* _WORK ORDER_
Copy the data below exactly, but not the pictures it contains.

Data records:
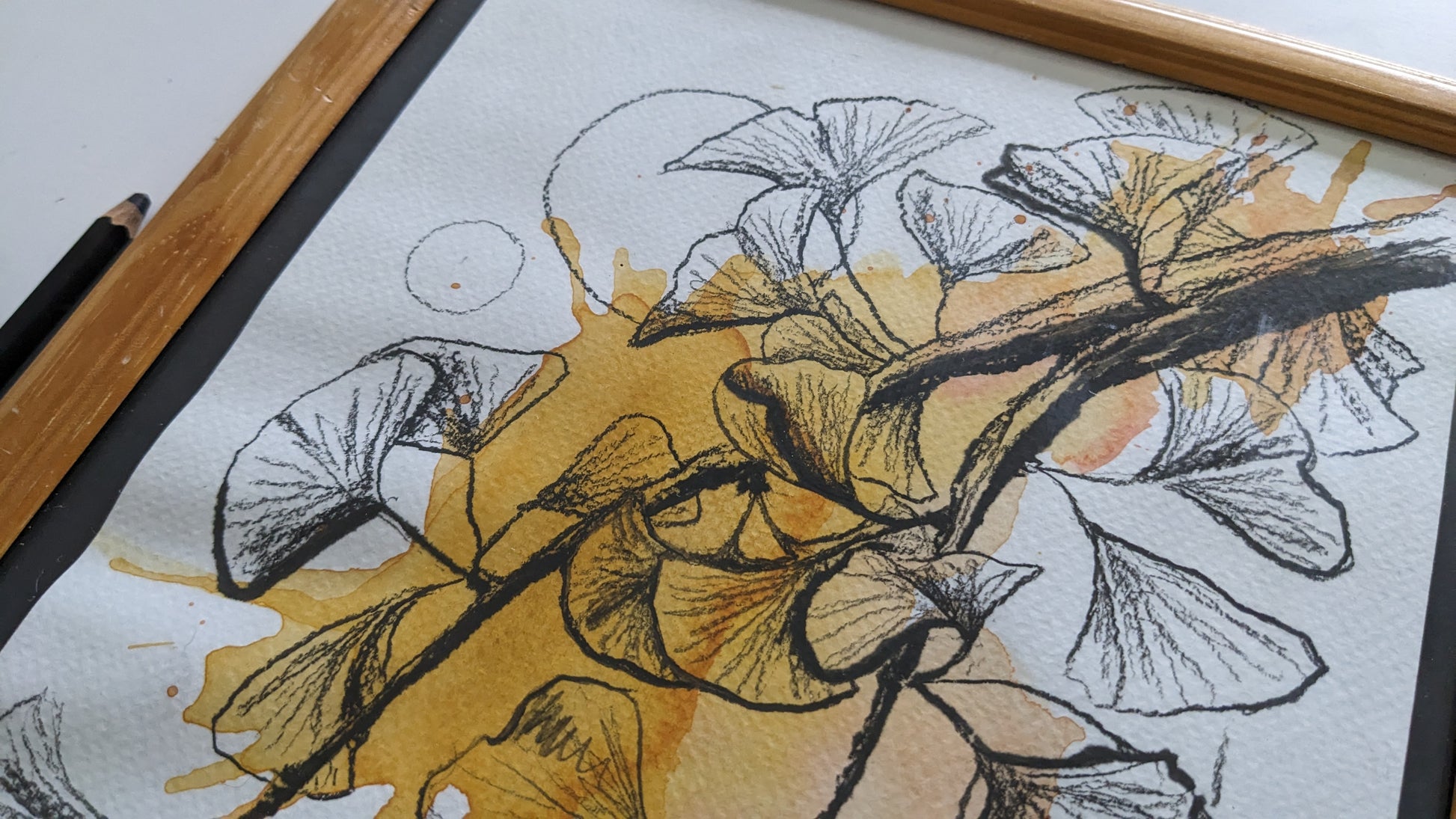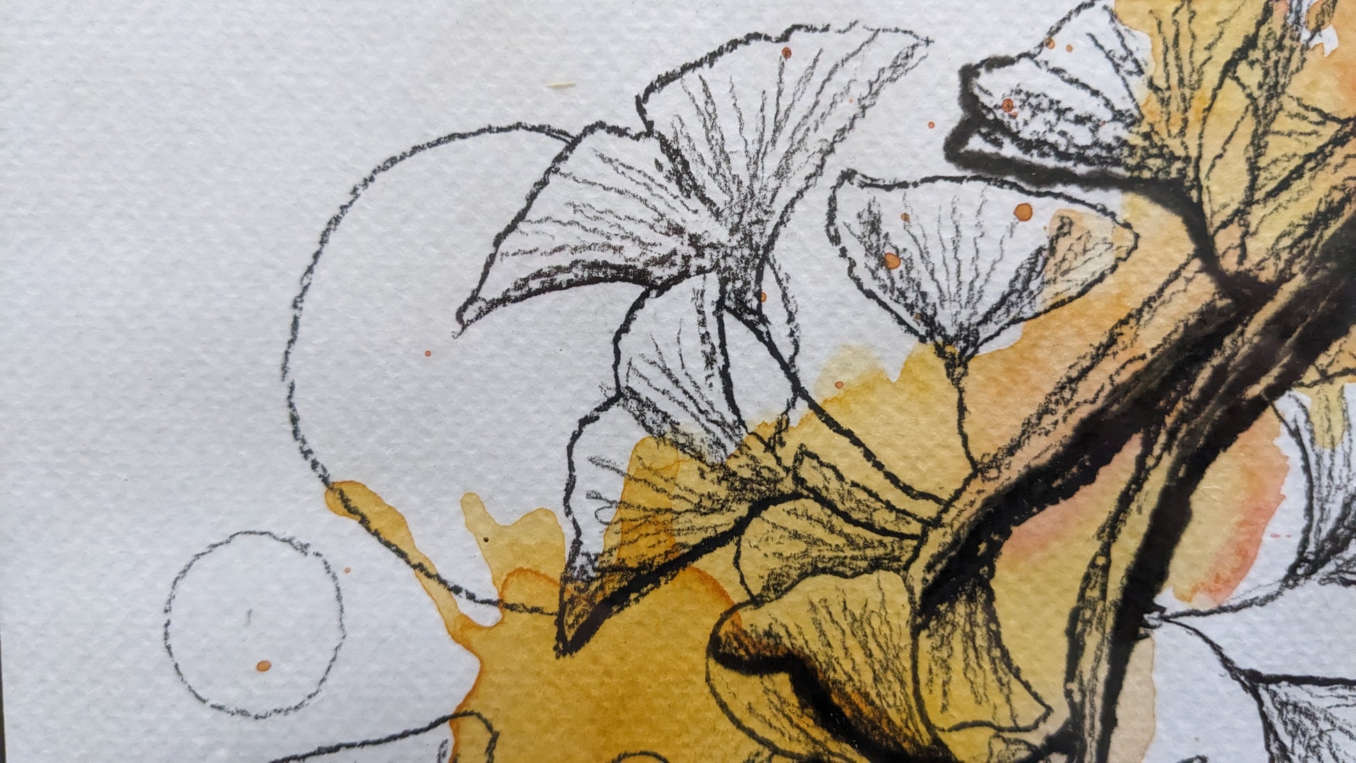 Fluid and aerial flowery painting in watercolor, graphic pens, charcoal
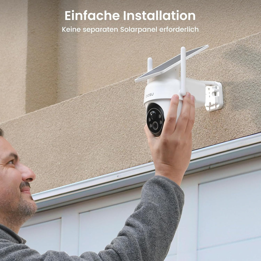 - Solarenergie Aussenkamera, Einmalige Installation und Ewiger Betrieb: Ein eingebautes Solarpanel hält die Batterie aufgeladen, und 3 Stunden Sonnenlicht täglich sorgen für den Betrieb, auch an regnerischen und bewölkten Tagen. Installieren Sie es an
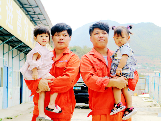 請過假,我們沿著逶迤的盤山便道,行駛近一個小時,來到了弟弟王縣偉所在的新華隧道2號斜井工區(qū)。聽說哥哥、嫂子帶著孩子要過來,早就等在了駐地的門口。兩家六口見了面,就別提多開心了。還真別說,這哥兒倆長得還真像,發(fā)型、膚色、身高、口音和笑容,甚至連兩家的孩子都長得相像。
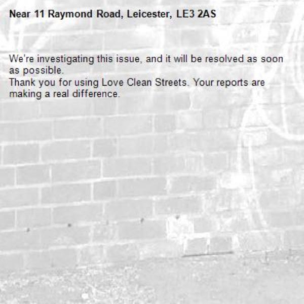 -11 Raymond Road, Leicester, LE3 2AS 10/12/2025 14:12 We’re investigating this issue, and it will be resolved as soon as possible. Thank you for using Love Clean Streets. Your reports are making a real difference.
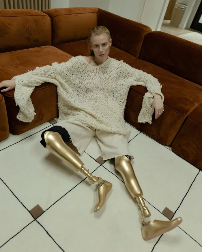 Despite the immense challenges she has faced, Wasser has built a successful career in fashion, appearing in campaigns for high-profile brands such as Lacoste, Furla, and Shiseido. She has earned the affectionate nickname “fashion’s Girl with the Golden Legs,” a nod to her striking golden prosthetic limbs.

* _TASK RESPONSE_
 Fluid and aerial flowery painting in watercolor, graphic pens, charcoal
 - Solarenergie Aussenkamera, Einmalige Installation und Ewiger Betrieb: Ein eingebautes Solarpanel hält die Batterie aufgeladen, und 3 Stunden Sonnenlicht täglich sorgen für den Betrieb, auch an regnerischen und bewölkten Tagen. Installieren Sie es an
 請過假,我們沿著逶迤的盤山便道,行駛近一個小時,來到了弟弟王縣偉所在的新華隧道2號斜井工區(qū)。聽說哥哥、嫂子帶著孩子要過來,早就等在了駐地的門口。兩家六口見了面,就別提多開心了。還真別說,這哥兒倆長得還真像,發(fā)型、膚色、身高、口音和笑容,甚至連兩家的孩子都長得相像。
 -11 Raymond Road, Leicester, LE3 2AS 10/12/2025 14:12 We’re investigating this issue, and it will be resolved as soon as possible. Thank you for using Love Clean Streets. Your reports are making a real difference.
 Despite the immense challenges she has faced, Wasser has built a successful career in fashion, appearing in campaigns for high-profile brands such as Lacoste, Furla, and Shiseido. She has earned the affectionate nickname “fashion’s Girl with the Golden Legs,” a nod to her striking golden prosthetic limbs.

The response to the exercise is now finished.